BSIs are caused by Gram-negative and Gram-positive bacteria3,4 as well as yeast. Amongst Gram-positive isolates, Staphylococcus aureus, Enterococccus species, and Streptococcus pneumoniae are amongst the most common. Coagulase-negative staphylococci (CNS) are also common Gram-positive bacteria that cause BSIs3.

One of the most common Gram-negative bacteria isolated from people with BSIs are Klebsiella species, Escherichia coli and Acinetobacter baumanii3.

Candida glabrata, Candida tropicalis, Candida albicans and Aspergillus niger4 are common fungal species that cause BSIs.

Effects of blood stream infections

CLABSIs may lead to prolonged hospital stays, increased cost to the patient and healthcare system, and increases the risk for sepsis and ultimately, death5.

In addition to these, over the last few decades, many microbes that cause BSIs have become increasingly antibiotic resistant6,7. Vancomycin Resistant Enterococcus (VRE)6 and Methicillin-Resistant Staphylococcus aureus (MRSA)7 are common antibiotic resistant BSIs. It is also no longer uncommon for clinicians to encounter multi-drug resistant BSI-causing microbes.

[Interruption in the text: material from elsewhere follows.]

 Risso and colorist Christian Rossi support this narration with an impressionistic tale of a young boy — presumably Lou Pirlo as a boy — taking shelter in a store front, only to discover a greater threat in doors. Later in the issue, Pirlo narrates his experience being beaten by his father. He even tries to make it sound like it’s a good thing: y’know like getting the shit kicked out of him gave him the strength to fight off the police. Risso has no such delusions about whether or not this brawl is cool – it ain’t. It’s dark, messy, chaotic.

These added effects of BSIs buttress the need for healthcare teams to incorporate evidence-based practice to their daily routine so they can work to prevent these infections.

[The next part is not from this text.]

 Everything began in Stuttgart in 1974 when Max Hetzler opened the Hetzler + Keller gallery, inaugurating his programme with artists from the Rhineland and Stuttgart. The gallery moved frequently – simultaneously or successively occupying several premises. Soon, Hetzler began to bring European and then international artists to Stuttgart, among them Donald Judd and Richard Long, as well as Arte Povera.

Preventing blood stream infections

The 2021 Infusion Therapy Standards of Practice (INS/SOP)2 is an excellent resource for preventing BSIs.

Using care bundles

The first practice recommendation under the INS/SOP Standard 50 (page s153) is for nurses and healthcare team members to “implement a care bundle in conjunction with a culture of safety and quality to reduce the risk of infection”.

A “care bundle” is a multifaceted approach to preventing BSIs from the moment the infusion or vascular device is inserted until its removal. A care bundle may consist of educational programs for nurses and everyone else involved in patient care, evidence-based hospital policy updates, visual aids, competency assessments, as well as ensuring the supplies to support catheter maintenance are available to staff8. A systematic review of studies published between January 2000 and December 2018 showed that care bundles can help reduce phlebitis and bloodstream infections9.

Assessing the site

The second practice recommendation under Standard 50 emphasizes assessing the vascular access site for the symptoms of BSIs we discussed earlier. When signs and symptoms of a BSI are present, nurses must notify a medical provider immediately so that the appropriate treatment can be initiated immediately2. In addition to the above, documenting what is happening at the site after assessment is crucial to detecting infections early.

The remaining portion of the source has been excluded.